マリアドールは、その姿が夜の闇と一緒になったのを見届けてから背もたれに身体を預ける。
「はぁ、やっぱりいい人ね。だからこそお金なんて借りれないわ」
しかし、お金は必要だ。どうやって金策を立てようか、と悩みつつ、隣に置いたワインを手にしたマリアドールは月明かりの下でそのラベルを確かめるた。
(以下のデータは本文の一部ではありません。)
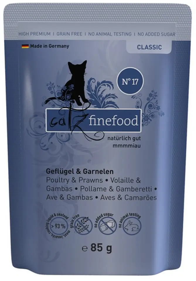 Specjał dla kotów – wartościowa karma dla naszych pupili. Catz finefood N°17 zawiera dużo delikatnego drobiu, krewetek oraz wartościowe dodatki, jak żurawina i algi morskie. Bez konserwantów, barwników i wzmacniaczy smaku. Nie zawiera GMO. Mmmmiau!Skład:drób 50% (w tym mięso, serca, żołądek, wątroba, szyja), bulion z drobiu i krewetek 23,6%, krewetki 20%, marchew 3%, żurawina 2%, minerały 1%, algi morskie 0,2%, olej z orzechów makadamia 0,2%Składniki analityczne:białko surowe 10,2%, zawartość tłuszczu 5,2%, popiół surowy 2,8%, włókno surowe 0,4%, wilgotność 80%Dodatki dietetyczne na kg: witamina D3 200 IU, tauryna 1500 mg, cynk 25 mg, mangan 1,4 mg, miedź 1 mg, jod 0,75 mgZalecana dzienna ilość/zapotrzebowanie: Dzienna dawka powinna wynosić około 3-5% masy ciała.

「ふふ、いいワインだわ。できれば待って帰りたいけれどそれはできないわよね。っということで、飲みましょう」
せっかく来たのだ。美味しいものと高級酒ぐらい腹に入れて帰らなきゃ割に合わない。と、そこでマリアドールの手が止まった。
「やだっ、栓抜きを持ってこなかったわ」
これでは飲めない。
美味しそうな液体がキラキラ輝いているのに、生殺しではないか。
恨めしくワインボトルを睨めつけていると、再び影が差した。
「貸してみろ」
聞き覚えのない声にえっと顔上げると、返事もしていないのにワインボトルを奪われる。
影の主は胸ポケットからナイフを取り出し、それを突き刺すとグルリと捻り器用にコルクを開けた。
ポン、とよい音がして芳醇な香りが鼻孔をくすぐる。
「グラスは?」
「一つだけ。ごめんなさい、あなたの分がないわ」
「では、直接口をつけて飲んでもよいか?」
「……」
よくはない。
そんなことされたらマリアドールはグラス一杯分しか飲めないではないか。
(それにしても綺麗な男性ね。濡れたような黒髪に赤色の瞳。彼はいつもこうやって女性を引っ掛けるのかしら)
だとすると、早くこの場を立ち去らなければ。
マリアドールはそういうことに疎いのだ。
腰を浮かしたところで、男性はベンチに置かれたグラスを手にし並々とワインを注ぐと、マリアドールに差し出した。
戸惑いながらワイングラスと男性を交互に見つつ受け取ると、男性はあろうことか片膝をつく。
(えっ、何? 何が起こっているの)
恋愛経験のないマリアドールだって知っている。
このポーズは騎士が求婚する時のもので、男性が着ているのは騎士服だ。
「マリアドール・ジーランド女男爵、私、ジェルフ・スタンレーの契約婚約者になってくれませんか?」
「…………はい?」
たっぷりの間のあと、マリアドールの間抜けな声が夜の庭にこだました。